To receive credit for this course, students must participate in the online activities, successfully complete the assignments, and achieve a final mark of at least 60 per cent. Students should be familiar with the Master of Arts—Integrated Studies grading system. Please note that it is students' responsibility to maintain their program status. Any student who receives a grade of "F" in one course, or a grade of "C" in more than one course, may be required to withdraw from the program.
The following table summarizes the evaluation activities and the credit weights associated with them.
The course materials for MAIS 628: Gender and Sexuality include the items listed below.
Beasley, C. (2005). Gender and sexuality: Critical theories, critical thinkers. Los Angeles; London: Sage Publications Ltd.
Cavanagh, S. (2011). Queering bathrooms: Gender, sexuality, and the hygienic imagination. Toronto: University of Toronto Press.

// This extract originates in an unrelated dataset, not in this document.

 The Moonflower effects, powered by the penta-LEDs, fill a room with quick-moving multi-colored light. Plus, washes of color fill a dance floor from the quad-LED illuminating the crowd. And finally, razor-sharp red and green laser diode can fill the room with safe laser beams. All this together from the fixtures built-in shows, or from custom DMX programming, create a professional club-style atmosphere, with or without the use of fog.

Foucault, M. (1990). The history of sexuality: Volume 1, An introduction (R. Hurley, Trans.). New York: Vintage Books.
Athabasca University Online Materials
Course Home Page: You will find Course Information (including the Assignment File and other pertinent information) at the top of the course home page. You will also find your Study Guide presented unit by unit online. You will find your assignments and links to submit your work to your professor on the course home page.

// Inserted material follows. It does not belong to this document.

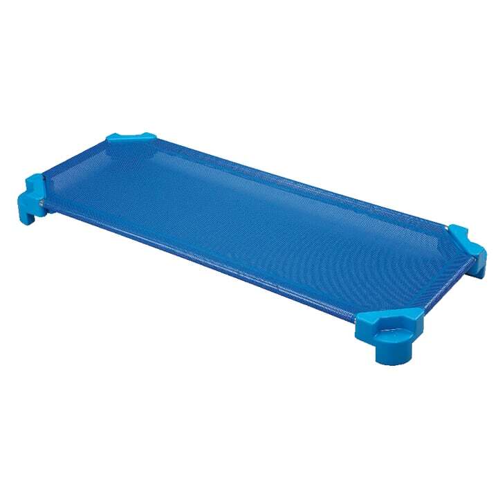Stapelbaar, met gepoedercoat aluminium frame en 4 kunststof voeten. Stabiel dankzij gelaste naden. Bekleding van lichtblauw kunststof gaas. Gedeeltelijk gedemonteerd geleverd.

Athabasca University Library: Students are encouraged to browse the Library's Web site to review the Library collection of journal databases, electronic journals, and digital reference tools: http://library.athabascau.ca.
Athabasca University reserves the right to amend course outlines occasionally and without notice. Courses offered by other delivery methods may vary from their individualized-study counterparts.